The company, which has raised $25 million so far and employs 32 people, offers bots that can lay mortar and bricks in a careful order to automatically build a wall.
The process involves three individual robots, each performing a separate task: either delivering a brick, applying a lump of mortar or placing a brick. However, grouting – i.e. the clean completion of the visible mortar joints between the bricks – still has to be done manually.
In videos like the one above, the bricklaying work carried out by the robots appears to be rather slow, but al Khafaji emphasizes that since the machine is able to continue working continuously and without interruptions, it can roughly keep up with that of the average human bricklayer Rate of 500 bricks laid per day.
Keeping people informed is still urgently needed
Automating specific activities like this that can be integrated into traditional construction processes could help these technologies be adopted more quickly, suggests O'Gorman. However, he points out that human supervision and completion of tasks are still required.

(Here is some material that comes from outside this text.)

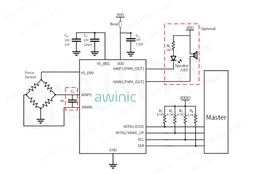 Figure 5: Application Schematic of Awinic’s Force Sensor AFE

It can take a long time for robot builders to work all night with little or no supervision.
Nevertheless, Monumental's robots have already helped, among other things, to build a canal retaining wall in Amsterdam and a one-story villa. Demand is encouraging, says al Khafaji, indicating that he has orders for several new terraced houses on the books in the coming months. The company is also exploring the potential of its use more environmentally friendly bricksas normal clay bricks contain a high amount of embodied carbon.
While Monumental's masonry machines cannot yet lay vertical bricks or build arches, they can create curved corners and also lay bricks artistic patterns.
“I find that really exciting,” says al Khafaji, “that brings beauty back into our built environment.”